See In re Equity Funding Corporation of America Securities Litigation,
375 F.Supp. 1378, 1384 (Jud.Pan.Mult.Lit.1974).
Each of the three districts in which actions are pending in this litigation has been suggested by various parties as an appropriate transferee district. While no district clearly stands out as the most appropriate transferee forum, on balance we are persuaded that the Middle District of Louisiana is most preferable. The Honorable E. Gordon West, to whom
Miller’s
has been assigned in the Middle District of Louisiana, is uniquely well-acquainted with the facts involved in this litigation. Judge West had supervisory jurisdiction over the grand jury that returned the indictments upon which much of this litigation is premised. He also accepted the pleas of nolo contendere entered by some defendants, and presided over the only criminal trial held. In addition, Judge West continues to supervise the four Government civil actions that are pending in the Middle District of Louisiana. Thus, he is in the best position to supervise these actions toward their most just and expeditious conclusion.

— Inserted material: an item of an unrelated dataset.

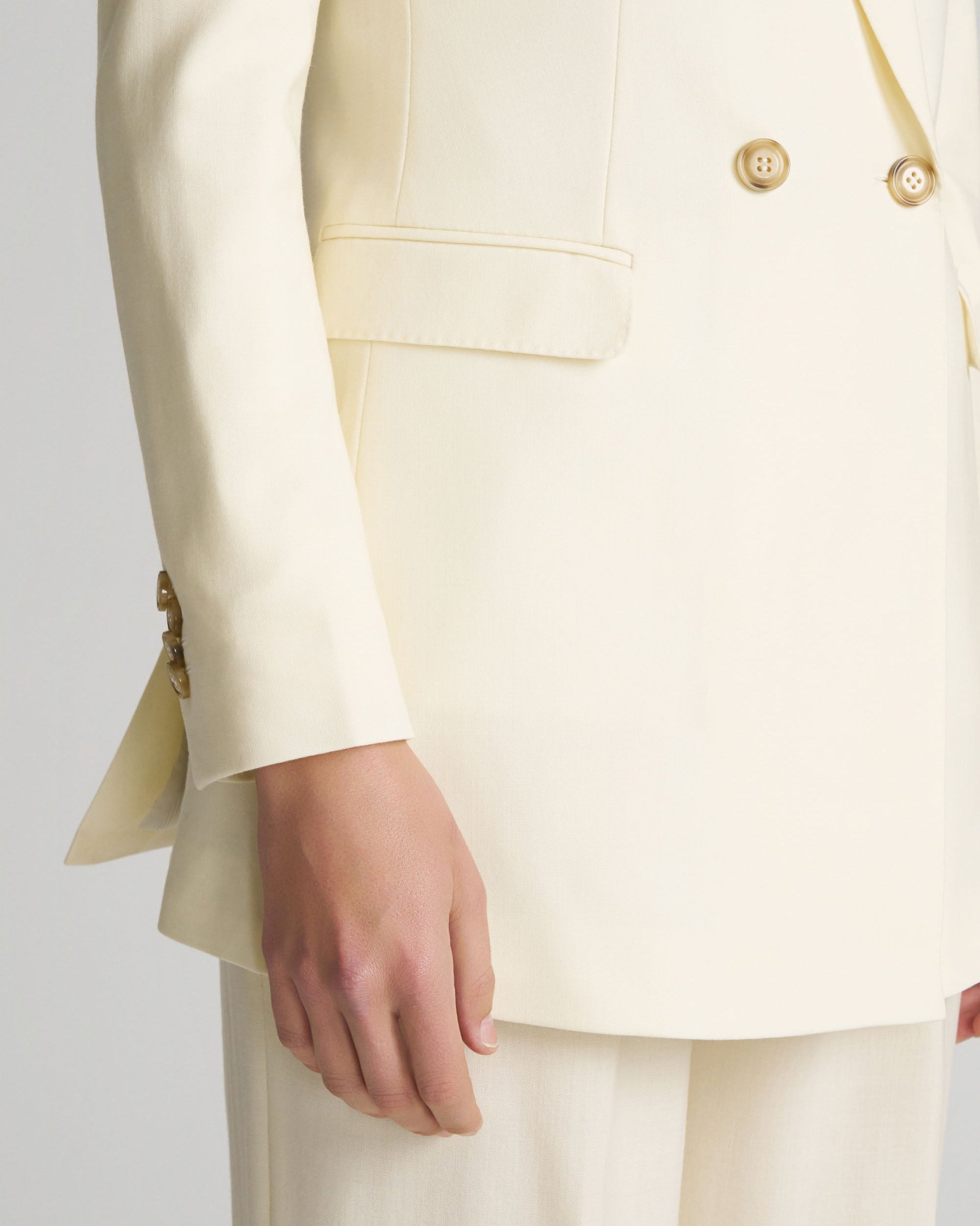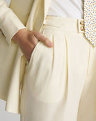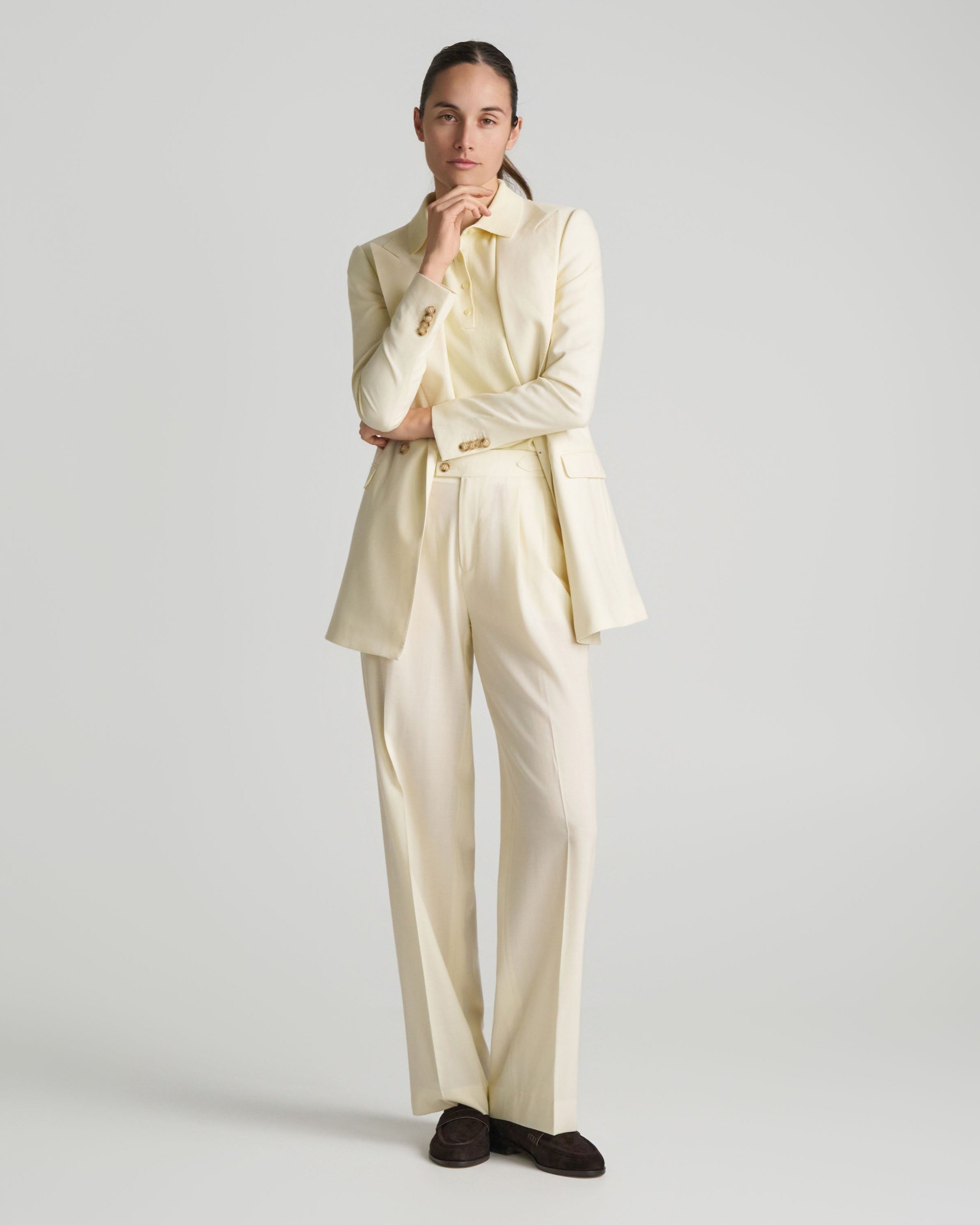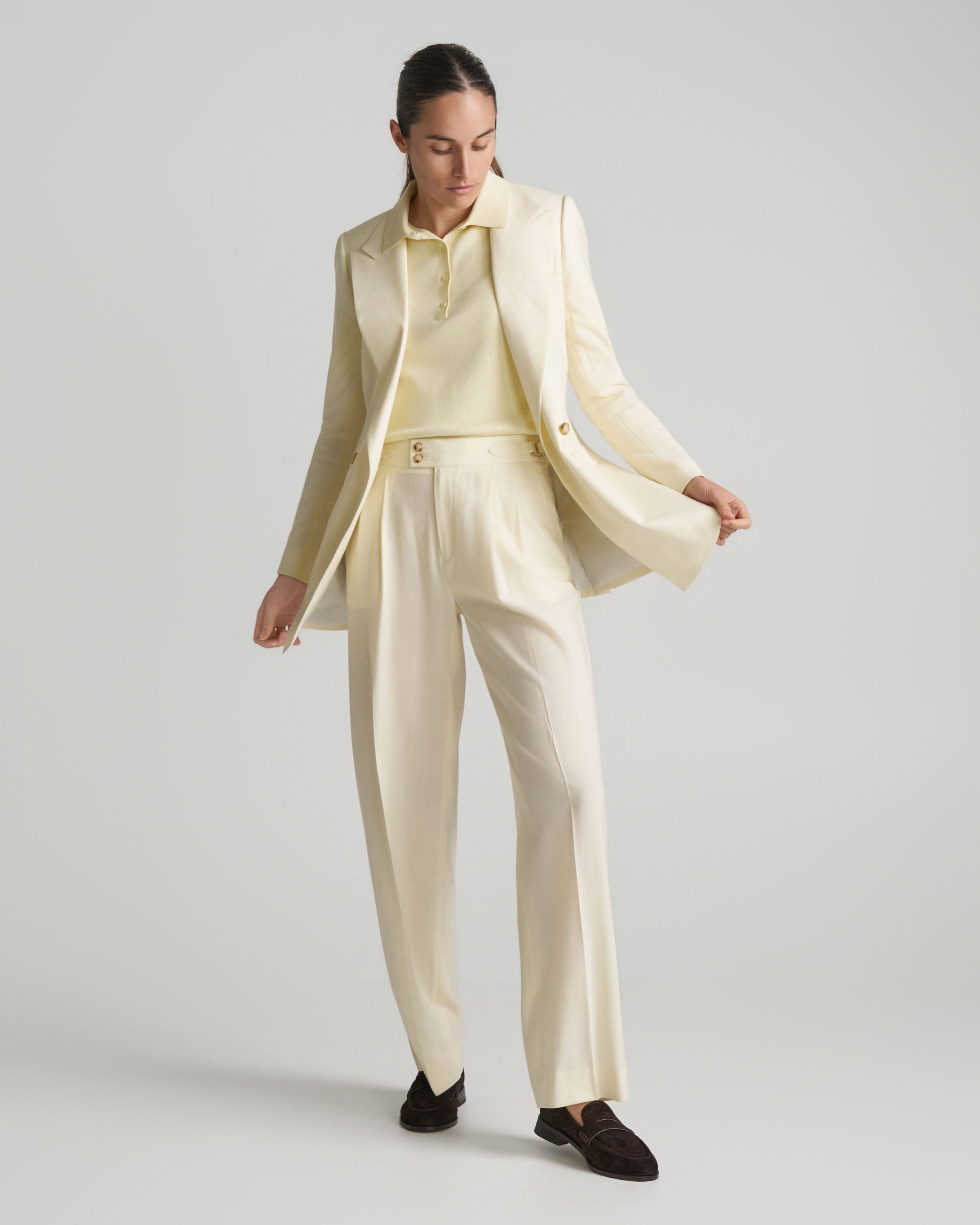 The jacket delivers sharp structure and is available as a double-breasted peak lapel blazer or a single-breasted blazer. It is designed to pair with matching tailored trousers, which feature front pleats and a relaxed, generous cut for added depth and a more traditional silhouette. Together, the blazer and trousers create a polished look that works across different occasions while exuding confidence and refinement.
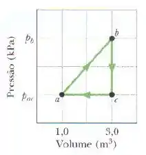 Uma amostra de um gás ideal é submetida ao processo cíclico abca mostrado na figura. A escala do eixo vertical é definida por e . No ponto , . (a) Quantos mols do gás estão presentes na amostra? Qual é (b) a temperatura do gás no ponto , (c) a temperatura do gás no ponto e (d) a energia adicionada ao gás na forma de calor ao ser completado o ciclo?

See In re Griseofulvin Antitrust Litigation,
395 F.Supp. 1402, 1403 (Jud.Pan.Mult.Lit.1975).
IT IS THEREFORE ORDERED that the actions listed on the following Schedule A and pending in districts other than the Mid-
die District of Louisiana be, and the same hereby are, transferred to the Middle District of Louisiana and, with the consent of that court, assigned to the Honorable E. Gordon West for coordinated or consolidated pretrial proceedings pursuant to 28 U.S.C. § 1407 with the action already pending there and listed on Schedule A.
SCHEDULE A
Western District of Louisiana
Daniel D. Riddle d/b/a Riddle’s Restaurants, et al. v. Huval Baking Co., Inc., et al.
Civil Action No. 76-1125
Betty Hinton d/b/a Betty’s Grocery, et al. v. Colonial Baking Co. of El Dorado, et al.
Civil Action No. 76-1124
Middle District of Louisiana
Miller’s Food Corp., et al. v. Cotton’s, Inc., et al.
Civil Action No. 76-329
Eastern District of Texas
James L. Missildine, etc. v. Ideal Baking Company of Paris, Inc., et al.
Civil Action No. P 75-14-CA
James Lloyd Johnson, Jr., et al. v. Ideal Baking Company of Paris, Inc., et al.
Civil Action No. M 76-10-CA
James L. Missildine, etc. v. Cotton’s Inc., et al.